I shook my head against my pillow. I had to end this conversation before the temptation grew into something I acted on. If Ren were right and such a thing were possible, it would lead to an unprecedented amount of control over the Force – and power always attracted people who were prepared to possess it for themselves.

'It's a waste of my time to help you. There is too much darkness in you for any light to reach,' I hissed. 'You destroyed an entire generation of Jedi, and when I stopped you from trying to kill your uncle, you murdered your father instead.'

'If you're trying to piss me off so I leave you alone, it's working,' he growled.
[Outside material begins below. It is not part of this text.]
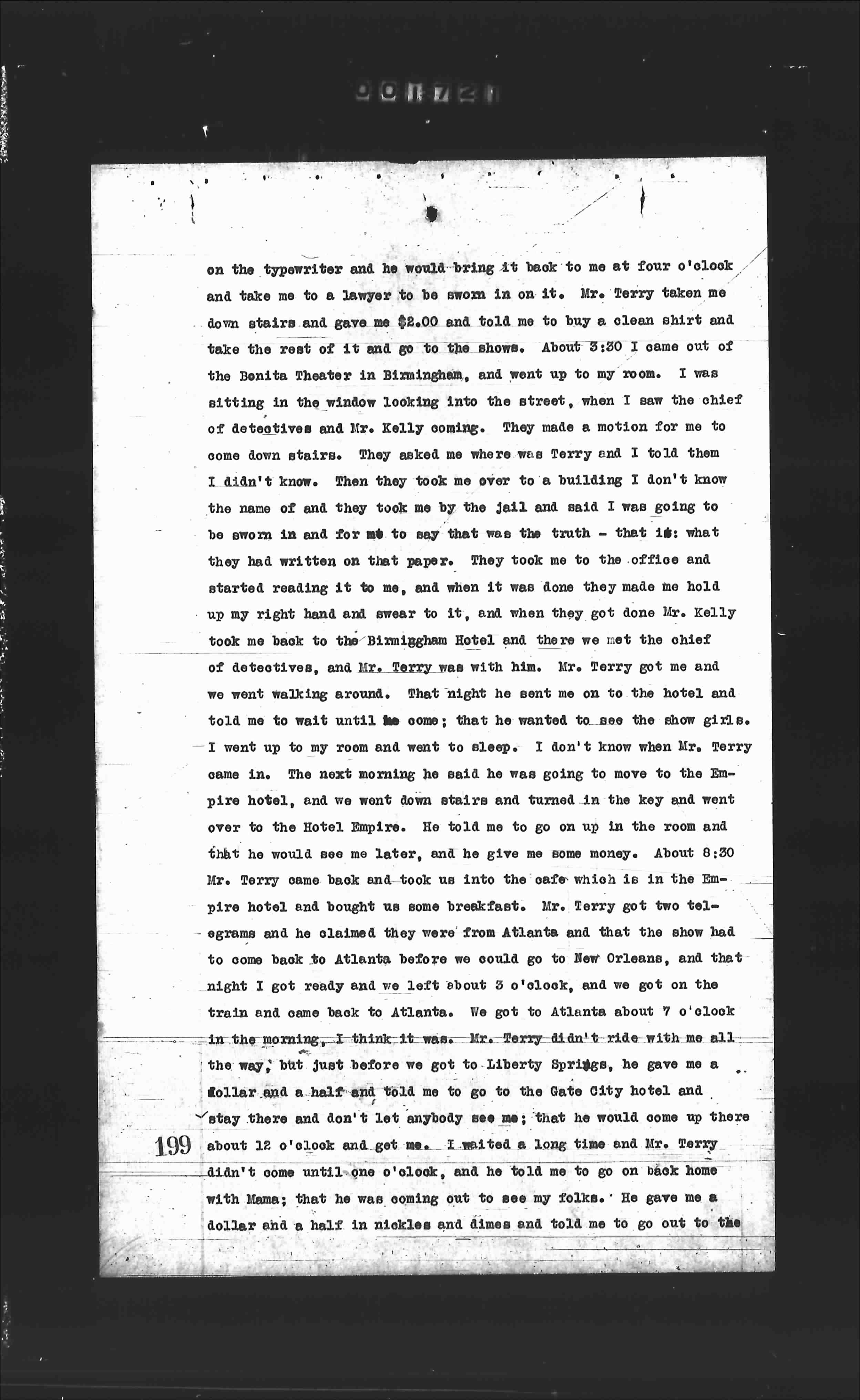 on the typewriter and he would bring it back to me at four o'clock and take me to a lawyer to be sworn in on it. Mr. Terry taken me down stairs and gave me $2.00 and told me to buy a clean shirt and take the rest of it and go to the show. About 5:30 I came out of the Bonita Theater in Birmingham, and went up to my room. I was sitting in the window looking into the street, when I saw the chief of detectives and Mr. Kelly coming. They made a motion for me to come down stairs. They asked me where was Terry and I told them I didn't know. Then they took me over to a building I don't know the name of and they took me by the jail and said I was going to be sworn in and for me to say that was the truth - that is what they had written on that paper. They took me to the office and started reading it to me, and when it was done they made me hold up my right hand and swear to it, and when they got done Mr. Kelly took me back to the Birmingham Hotel and there we met the chief of detectives, and Mr. Terry was with him. Mr. Terry got me and we went walking around. That night he sent me on to the hotel and told me to wait until he come; that he wanted to see the show girls. I went up to my room and went to sleep. I don't know when Mr. Terry came in. The next morning he said he was going to move to the Empire hotel, and we went down stairs and turned in the key and went over to the Hotel Empire. He told me to go on up in the room and that he would see me later, and he gave me some money. About 8:30 Mr. Terry came back and took us into the cafe which is in the Empire hotel and bought us some breakfast. Mr. Terry got two telegrams and he claimed they were from Atlanta and that the show had to come back to Atlanta before we could go to New Orleans, and that night I got ready and we left about 3 o'clock, and we got on the train and came back to Atlanta. We got to Atlanta about 7 o'clock in the morning - I think it was. Mr. Terry didn't ride with me all the way, but just before we got to Liberty Springs, he gave me a dollar and a half and told me to go to the Gate City hotel and stay there and don't let anybody see me; that he would come up there about 12 o'clock and get me. I waited a long time and Mr. Terry didn't come until one o'clock, and he told me to go on back home with mama; that he was coming out to see my folks. He gave me a dollar and a half in nickles and dimes and told me to go out to the

'You serve Snoke and the First Order – the embodiment of evil in the galaxy. Helping you gain any more power over the Force would help that cause, and I would sooner die than support the Order.'

Ren scoffed. 'I'm an idiot for thinking your answer would be any different. Training with Luke has made you predictable. You sound just like him. Too stubborn and afraid to use the Force outside of your Jedi code. No matter how much Skywalker preaches against the dark side, that man knows nothing but fear.'

'Quit insulting Luke and get out of my head,' I spat. 'I didn't want you here in the first place.'

He laughed grimly. 'Then practice your shields, scavenger, because I know where to find you.'

I bristled, clenching my fists against the sheets, and summoned a surge of power so strong it sparked against the stuffy air in my room. Ren's presence was thrown out of my head as if I had slammed a door in his face.

The conversation had aggravated me so much I halfway considered dropping the shield to bait Ren into returning, just so I could throw him out a second time.

Instead I paced the length of my room for a solid thirty minutes, constructing the framework for an intricate shield and then packing it with enough power that the energy would linger for days. I hoped it would be strong enough to keep Ren out.

Exhaustion caught up with me and I fell asleep the moment I laid down. I dreamt of falling into darkness, fearing that the light would someday come roaring back to claim me and I would have nothing left in my soul to offer it.